Un détournement de l’AMM doublé d'une fraude à la Sécurité sociale
En première ligne face à ce phénomène, les pharmaciens d'officine sont appelés à la vigilance pour sécuriser l'accès des patients sous sémaglutide à leur traitement, dans un contexte de fortes tensions. « Il a été demandé aux laboratoires commercialisant des analogues de GLP1 de réaliser un suivi trimestriel des données à leur disposition, incluant les données de vente, les suivis des réseaux sociaux, les nouvelles données de la littérature et les cas rapportés de mésusage avec ou sans effet indésirable », indique l’ANSM qui attend le premier rapport au premier trimestre 2023.
Pour le moment, aucune rupture n'est signalée dans l'Hexagone, « mais les patients nous font part de leur inquiétude », témoigne Jean-François Thébaud, vice-président de la Fédération française de diabétiques. Pour limiter les tensions, le laboratoire assure que ses sites de production fonctionnent 24 heures sur 24, sept jours sur sept partout dans le monde : « En 2022, nous avons investi environ 1,6 milliard de dollars pour augmenter notre capacité de production. »

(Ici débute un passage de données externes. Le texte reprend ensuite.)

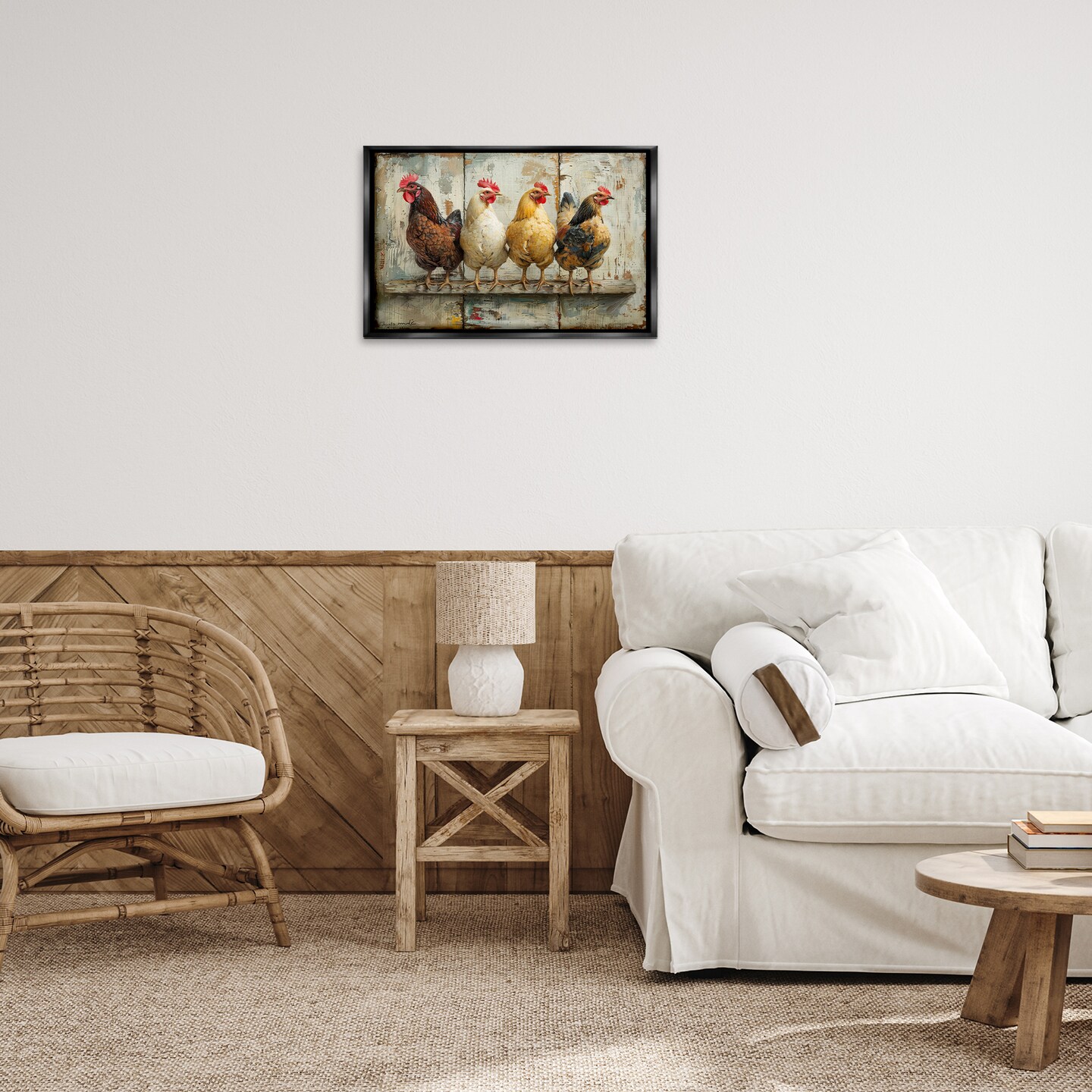 Stupell Industries Chickens In A Row Floater Framed Canvas Wall Art Design by LSR Design Studio
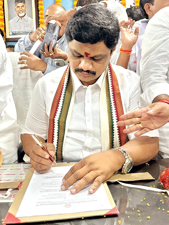 బూర్జ: ఏపీ మార్క్ఫెడ్ డైరెక్టర్గా ఆనెపు రామకృష్ణంనాయుడు శనివారం బాధ్యతలు చేపట్టారు. విజయవాడలో మార్క్ఫెడ్ రాష్ట్ర కార్యాలయంలో వేద పండితుల మంత్రోచ్ఛరణ నడుమ మేళ తాలాలతో ఎంతో అట్టహాసంగా బాధ్యతలు స్వీకరించారు. మార్క్ఫెడ్ ఎండీ మన్జీర్ జిలాన్ సమూన్ ఆధ్వర్యంలో అధికారులు పెద్ద ఎత్తున ఏర్పాట్లు చేశారు. ఈ సందర్భంగా రామకృష్ణంనాయుడు మాట్లాడుతూ.. తనపై ఎంతో నమ్మకంతో ఇంత పెద్ద బాధ్యతలు అప్పగించిన ముఖ్యమంత్రి చంద్రబాబుకు రుణపడి ఉంటానని, తనకు ఇచ్చిన పదవికి వెన్నె తెచ్చేం దుకు కృషి చేస్తానన్నారు. రైతులకు పూర్తిస్థాయిలో ఎరువులు అందేలా చర్యలు చేపడతానన్నారు.

Autre mission pour les pharmaciens : faire obstacle à la fraude à l'assurance-maladie à laquelle expose l'utilisation détournée d’Ozempic. « Le pharmacien est tout à fait habilité à demander au patient dans quel cadre le médicament lui est prescrit, en cas de doute. Si le patient n'est pas diabétique et que le médecin n'a pas précisé qu'il faisait une prescription hors AMM, le pharmacien ne doit pas délivrer. C'est une question de santé publique », rappelle Éric Fouassier, professeur et directeur du Groupe de recherche et d'accueil en droit et économie de la santé (GRADES) à l'université Paris-Saclay.